A l'époque aussi, alors accompagné de son épouse Melania contrairement à cette fois, il avait reçu un accueil somptueux, avec réception privée dans la majestueuse Cité Interdite. Quelques semaines plus tard, il avait déclenché une salve de droits de douane et de restrictions sur les produits chinois.
Il a recommencé après son retour à la Maison Blanche en 2025, provoquant une guerre commerciale aux effets ressentis sur toute la planète, avant une trêve conclue avec M. Xi en octobre.
- "Génial" -
L'avenir des échanges entre les deux plus grandes économies mondiales s'annonce comme l'un des sujets du sommet, précédé mercredi par des pourparlers commerciaux et économiques entre délégations américaine et chinoise en Corée du Sud.
"Ça va être génial", a assuré M. Trump à son départ des Etats-Unis. Il avait affirmé mi-avril que M. Xi, peu enclin aux effusions personnelles en public, lui ferait un "gros câlin" à Pékin. Il a surenchéri mardi sur les promesses de son déplacement et sur la qualité de sa relation personnelle avec son homologue, un "ami à moi".
En haut de la liste de voeux de Washington figurent des accords dans le domaine de l'agriculture et peut-être la confirmation d'une commande massive d'appareils auprès de Boeing.
M. Trump a emmené le PDG de l'avionneur, Kelly Ortberg, mais aussi Elon Musk et les patrons d'Apple ou du géant des puces électroniques Nvidia.
En route pour la Chine, M. Trump a dit sur les réseaux sociaux qu'il presserait M. Xi d'"ouvrir" son pays aux entreprises américaines.
Avec l'excédent commercial chinois, les pratiques déloyales ou les violations de propriété intellectuelle imputées à la Chine, les obstacles à l'accès au marché chinois sont l'un des grands griefs des Etats-Unis, comme d'autres pays développés, à l'encontre de Pékin.
Les autres points de friction ne manquent pas: approvisionnements en terres rares ou en semi-conducteurs, Taïwan, auxquels est venue s'ajouter fin février la guerre en Iran.
- Recherche de "stabilité" -
Selon le gouvernement américain, M. Trump entend faire pression pour que la Chine, un partenaire stratégique et économique primordial de l'Iran - elle est le principal pays importateur de son pétrole -, use de son influence en vue d'une sortie de crise dans le Golfe.
"Nous espérons les convaincre de jouer un rôle plus actif pour amener l'Iran à renoncer à ce qu'il fait actuellement, et à ce qu'il cherche à faire dans le golfe Persique", a déclaré le secrétaire d'Etat Marco Rubio à Fox News, selon un extrait d'une interview enregistrée pendant le vol vers la Chine.
Donald Trump, quant à lui, a dit qu'il aurait "une longue conversation" avec Xi Jinping sur le dossier iranien.
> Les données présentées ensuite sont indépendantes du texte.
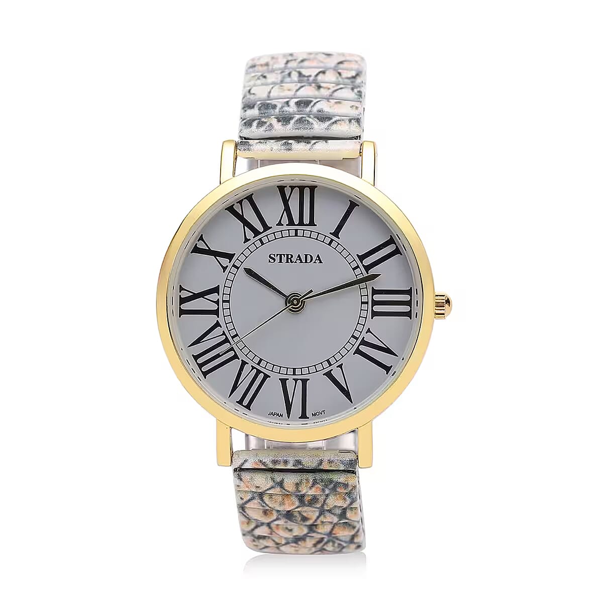 Strada Japanese Movement Gray Dial Bracelet Watch in Goldtone with Snake Pattern Strap
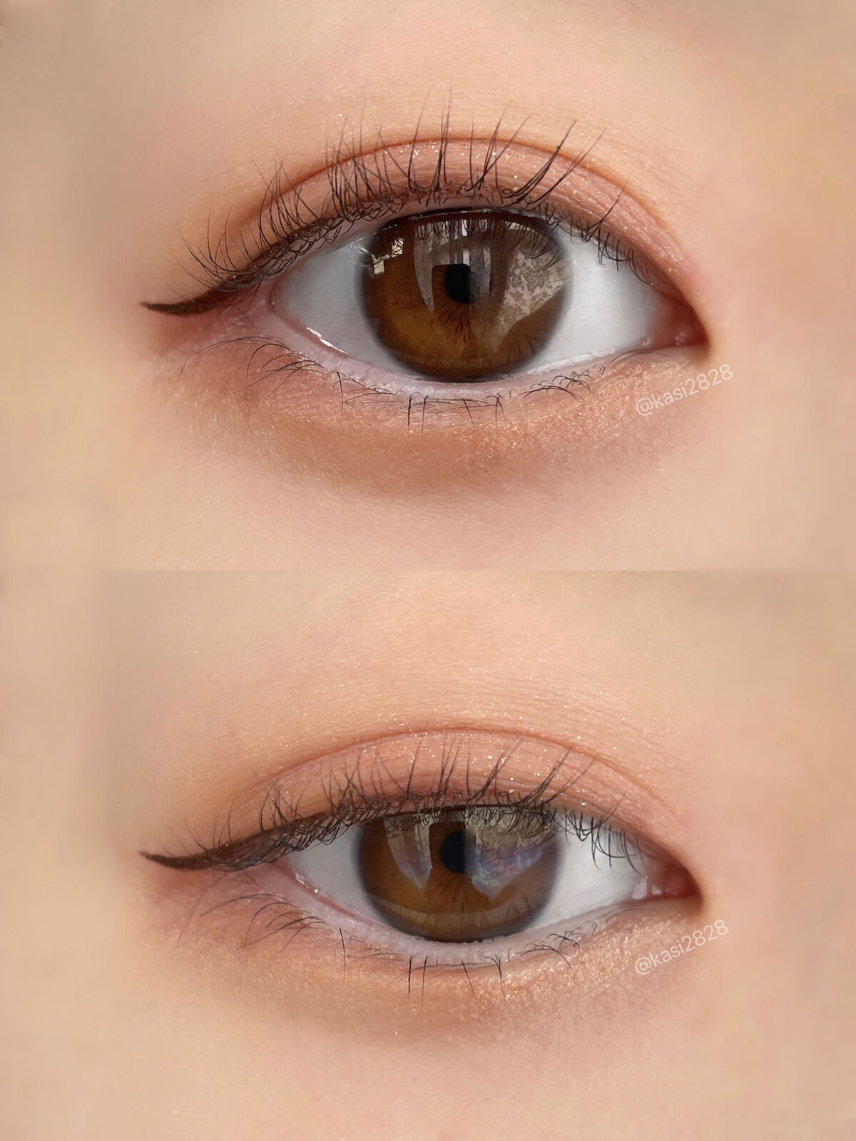 MOLAKプロデュース&イメージモデル宮脇咲良さん▶︎ドーリッシュブラウン3色のトーンで水光グラデーションが瞳に馴染み儚い目元に。細めのふちがあるのでくりっとお人形さんのような瞳に🧸💕水光グラデーションが綺麗すぎて感動した!!元からこの目です...
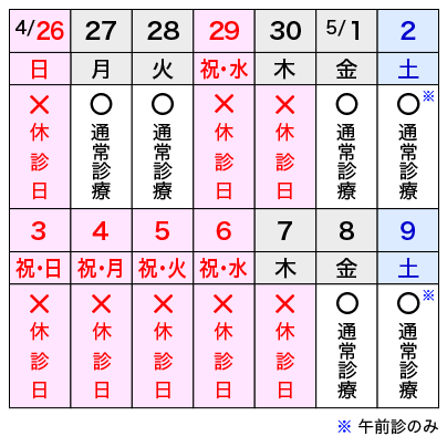 2026.04.13 お知らせ:ゴールデンウィーク中の診療予定について

La quasi fermeture du détroit d'Ormuz sous l'effet des blocus iranien et américain impacte directement la Chine. Sur le long terme, disent les experts, elle est si dépendante des échanges internationaux, qu'elle a des raisons de s'inquiéter du contrecoup sur son économie d'un conflit qui se prolongerait.
La Chine a martelé à l'approche du sommet qu'elle en espérait "plus de stabilité" dans les relations internationales.
Les experts tempèrent les espoirs de voir le sommet, passé les annonces commerciales éventuelles, atténuer significativement la rivalité tous azimuts entre la Chine et les Etats-Unis. Ils prêteront une attention particulière aux propos échangés sur Taïwan, que la Chine considère comme faisant partie intégrante de son territoire et dont les Etats-Unis sont le principal soutien.